George Farquhar Leslie (19 August 1820 - 23 June 1860) was a Scottish-born pastoralist and politician in the colony of New South Wales, Australia.

== Early life ==
George Farquhar Leslie was born on 19 August 1820 at Rayne in Aberdeenshire, the son of William Leslie, the local laird, and Jane Davidson.

== New South Wales pastoralist ==
In 1838 he migrated to New South Wales, where he helped finance his brother Patrick's Darling Downs expedition.
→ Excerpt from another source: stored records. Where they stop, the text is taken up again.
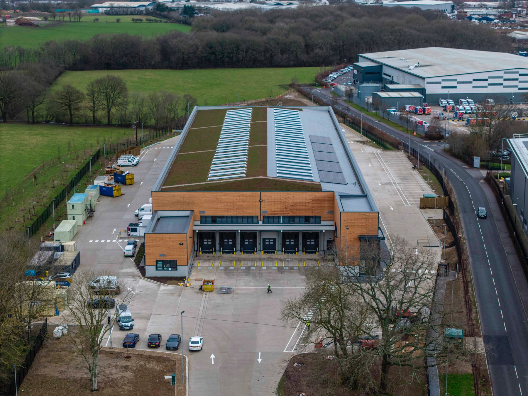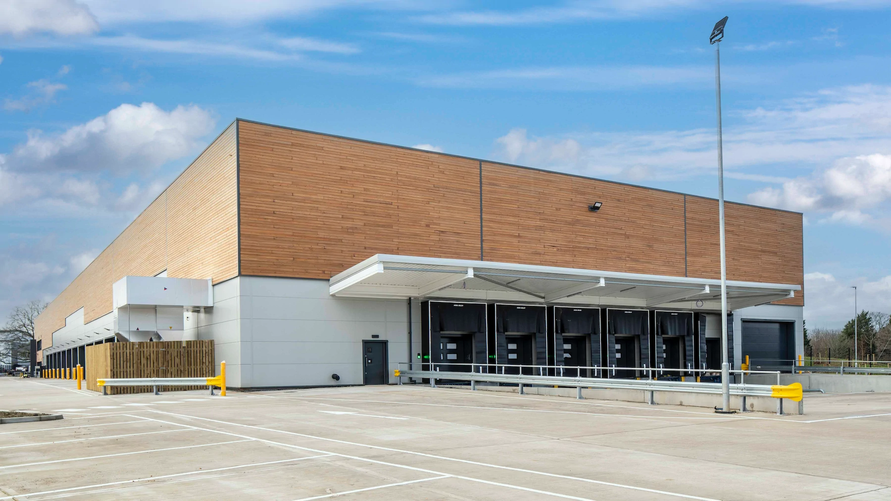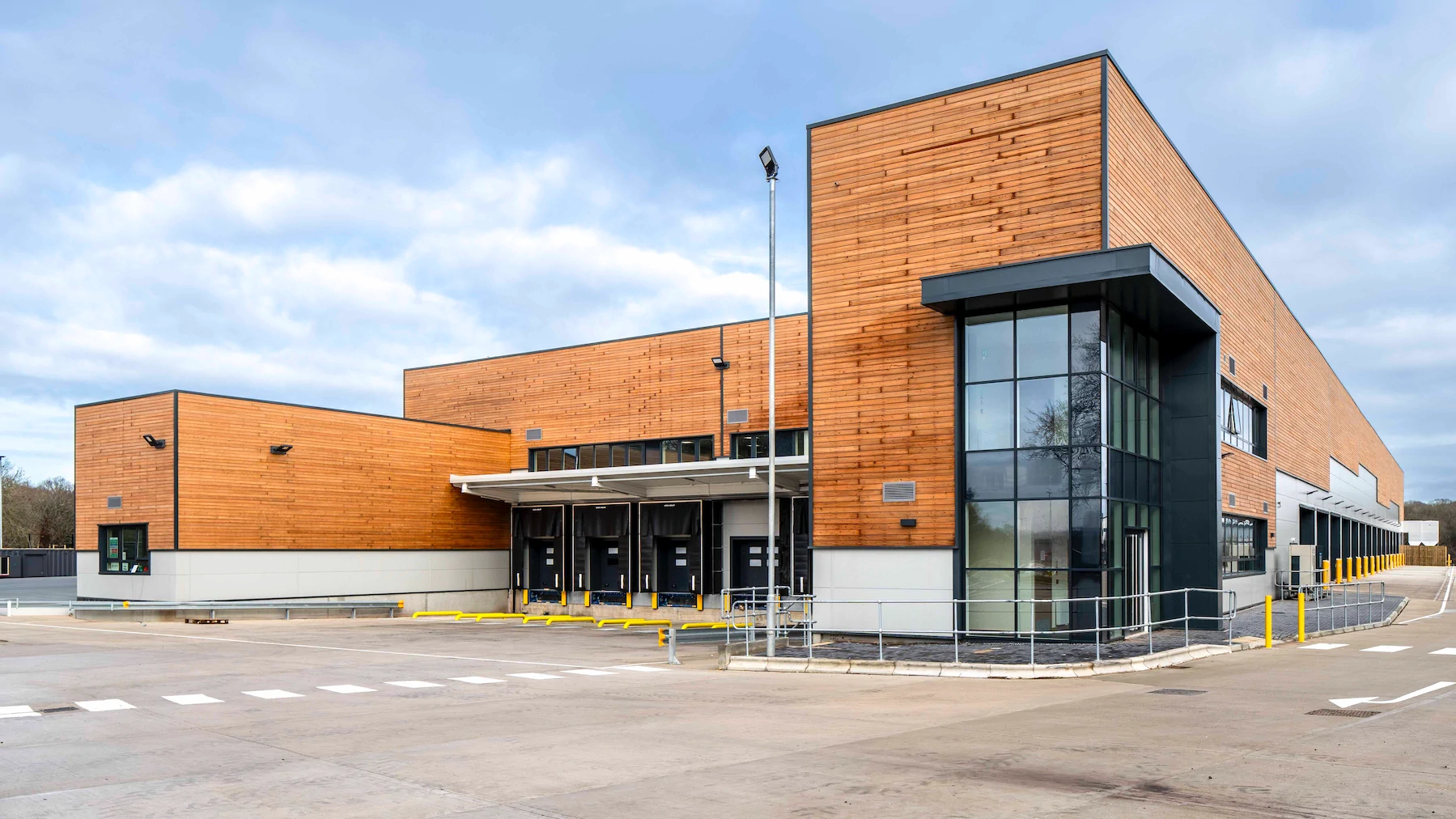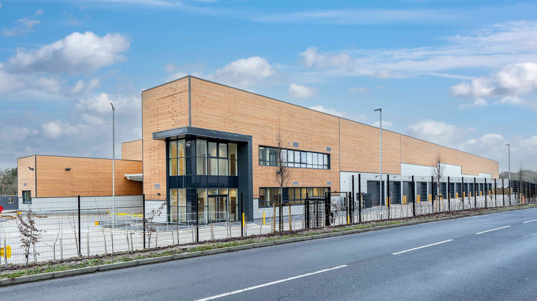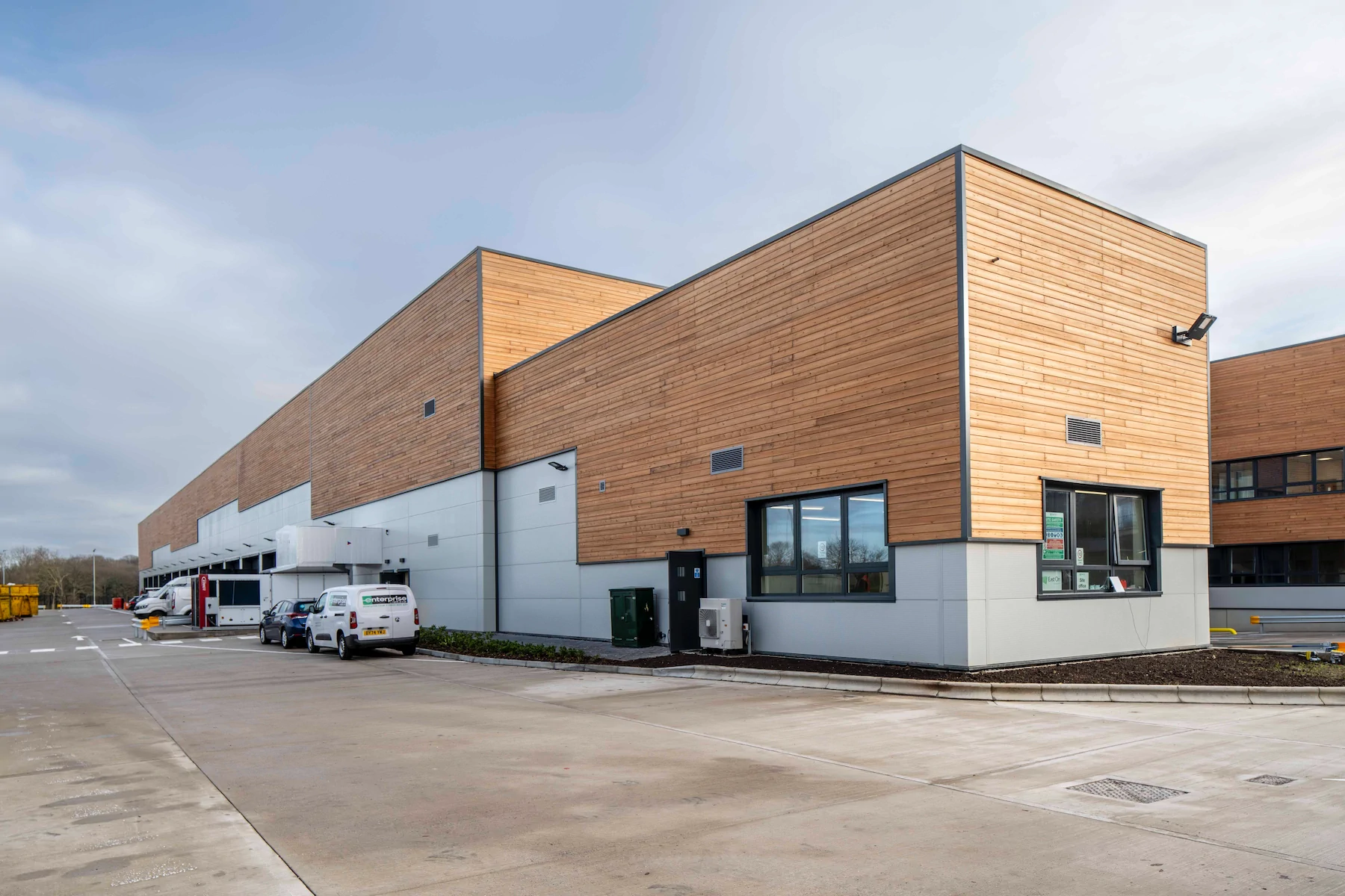 The cross docked building with two story offices will total 63,798 ft2. The long thin structure will have 13 dock level doors as well as level access doors to serve the delivery vans. There is parking for 125 cars, 102 vans and 12 HGVs. Two new entrances would be created off Hydehurst Lane to serve the new warehouse.
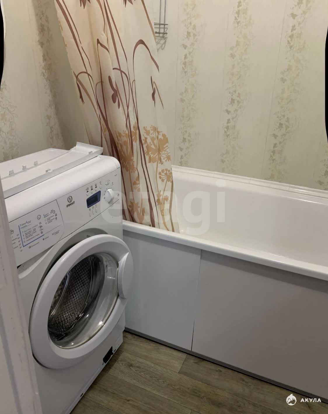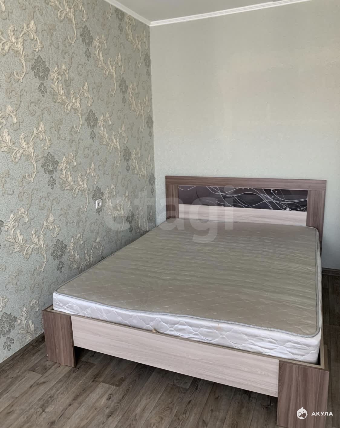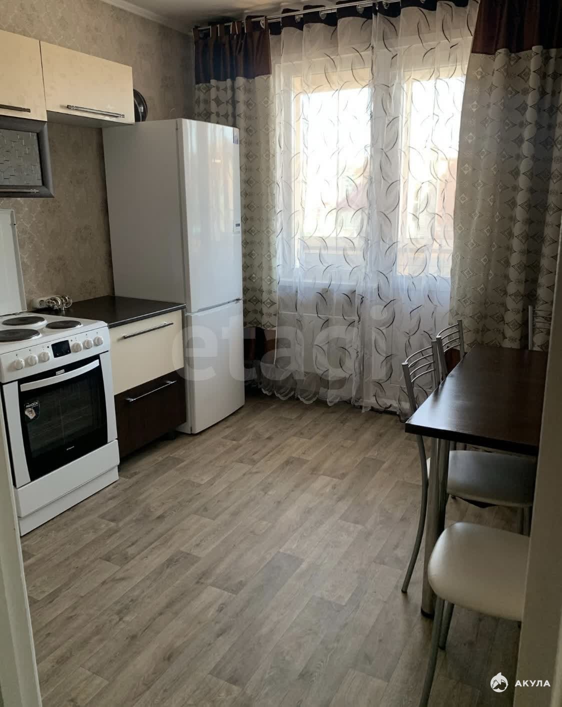 В квартире имеется : Кухонный гарнитур , электрическая плита, кухонный стол , стулья, холодильник, стиральная машинка, большая кровать, комод.
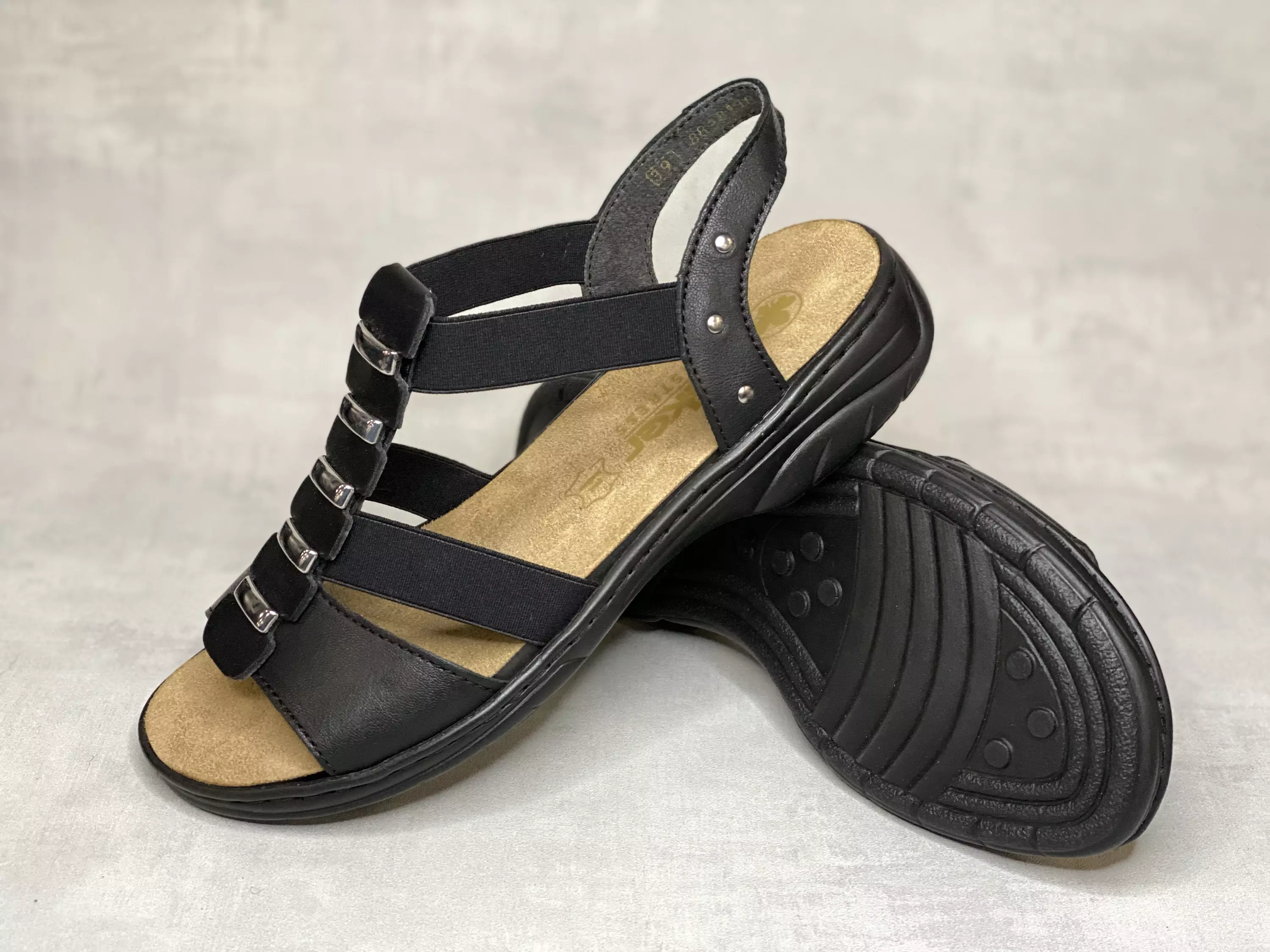 Mustat Rieker sandaalit venykeremmeillä ja hopean värisillä yksityiskohdilla. Venykeremmit helpottavat pukemista ja parantavat istuvuutta. Mahtava valinta niin arkeen kuin juhlaankin.
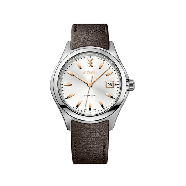 Herre ebel wave gent automatikk klokke med 38-timers kraftreservoar, 40,0 mm børstet og polert rustfritt stålkasse, sølvgalvanisk urtavle med påført ebel-symbol og indekser, og datovisning, brun kalveskinn rem med stål rem.
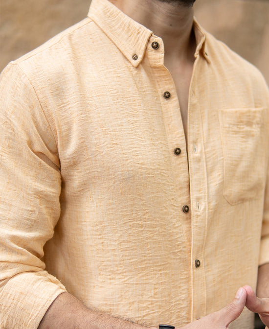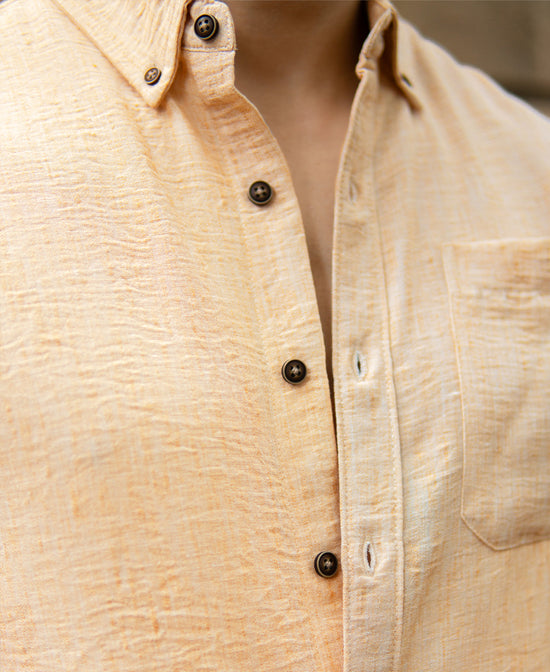 Understated, but never unnoticed. This shirt brings a raw, earthy feel with its slub texture and washed mustard tone. The fit is relaxed but still neat—ideal for dressing up with ease. Roll up the sleeves and pair with black or navy for a sharp payoff.
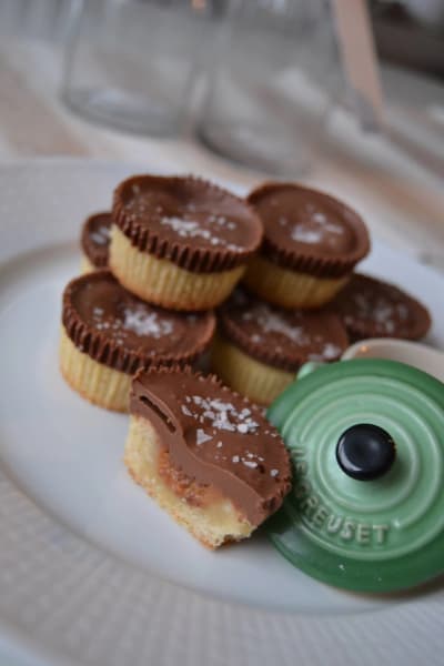- Lägg direkt 1 eller 2 noblesskivor på de varma kakorna, så att de smälter ner över kakorna.
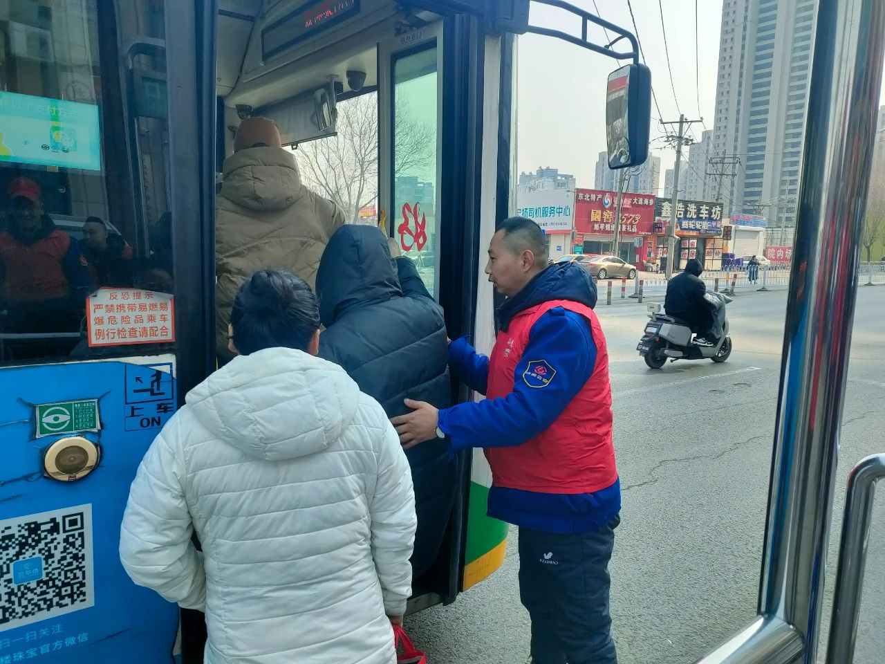 身披紅色綬帶的志愿者們熱情滿滿,為乘客提供咨詢引導(dǎo)服務(wù),耐心解答各類出行疑問(wèn),幫助公交站點(diǎn)進(jìn)行環(huán)境升級(jí)。
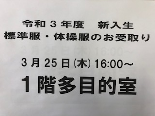 3月25日(木)16時より、本校1階多目的室にて新入生のご注文されました標準服・体操服の受渡しがあります。すでに案内があったと思いますが、ご確認ください。よろしくお願いします。
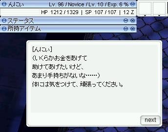 (いくらかお金をあげて助けてあげたいけど、あまり手持ちはないな)こんばんはー。 (いくらかお金をあげて助けてあげたいけど、あまり手持ちはないな)おやすみなさいー。
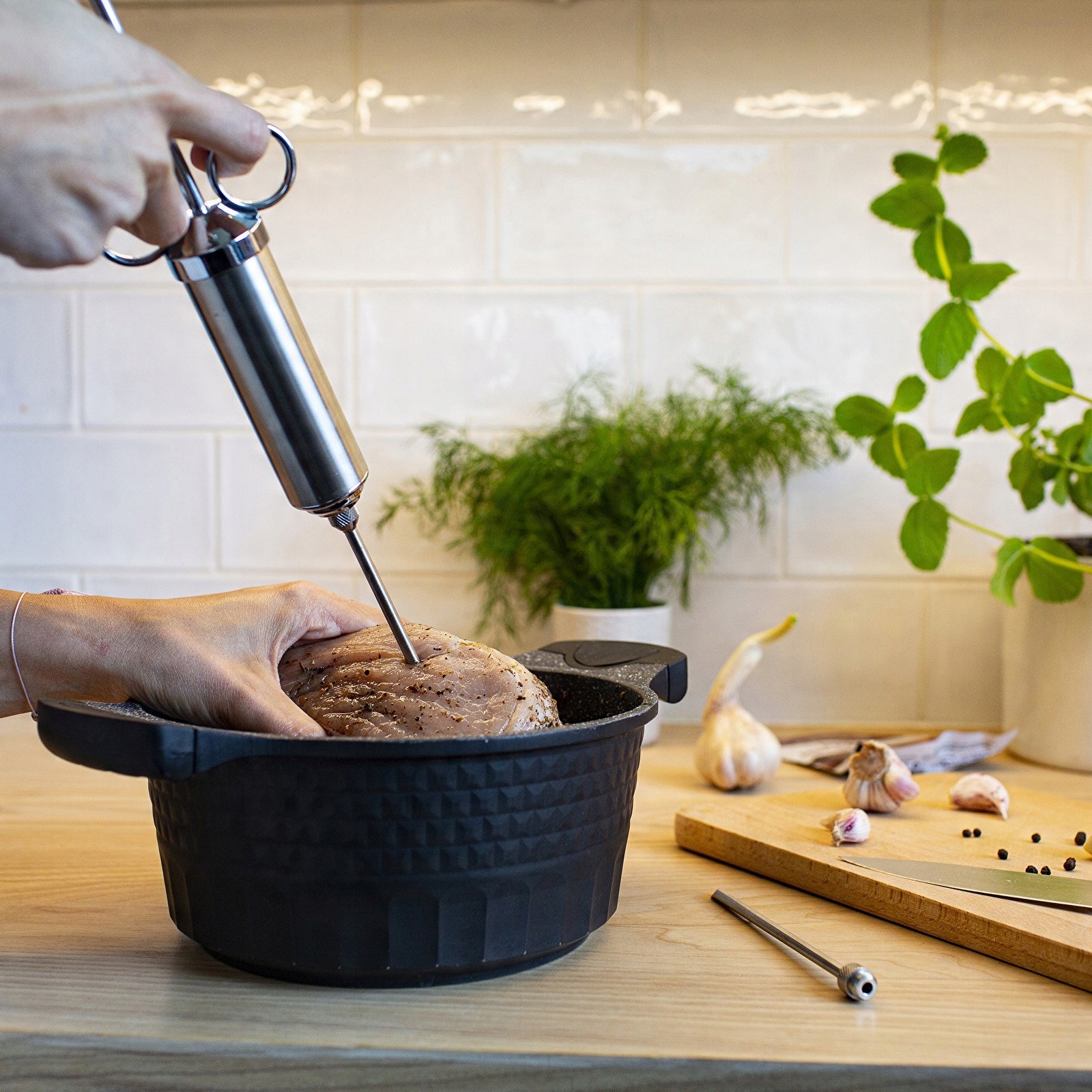 Якщо ви мрієте про соковиту, ароматну та смачну нарізку, вибирайте інжектор із двома голками для сушіння м’яса. Один з них дозволить застосовувати маринад з великими шматочками спецій. По-друге, завдяки своїй характерній структурі з багатьма отворами на різній висоті він забезпечить рівномірне вприскування всього м’яса!
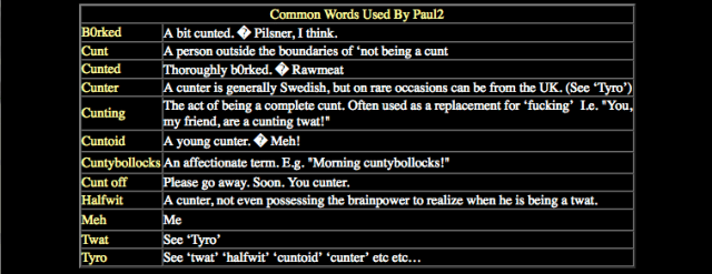 Before I go on I should probably do a little dictionary of words u might see a lot for u people out there who have no cunting idea at all about anything. These are not my words, just words I like to use. Often.

He managed sheep for Phillip Parker King, and then farmed land at the Darling Downs.

In 1840 his brother Patrick, married Catherine (Kate) Macarthur, daughter of Hannibal Macarthur (a Member of the New South Wales Legislative Council) and granddaughter of Philip Gidley King (former Governor of New South Wales). On 2 December 1847, George Leslie married Catherine's sister Emmeline Maria Macarthur at All Saints Church, Parramatta, New South Wales. The wedding of George and Emmeline was the first to be held in the church (which is now heritage-listed). George and Emmeline had no children.

==Legislative Council==

From 1851 to 1855 George Leslie was a Member of the New South Wales Legislative Council for the Pastoral Districts of Clarence and Darling Downs, In 1854 he was a member of a commission for the colony's participation in the Paris Exhibition of 1855. He retired from the Legislative Council in February 1855.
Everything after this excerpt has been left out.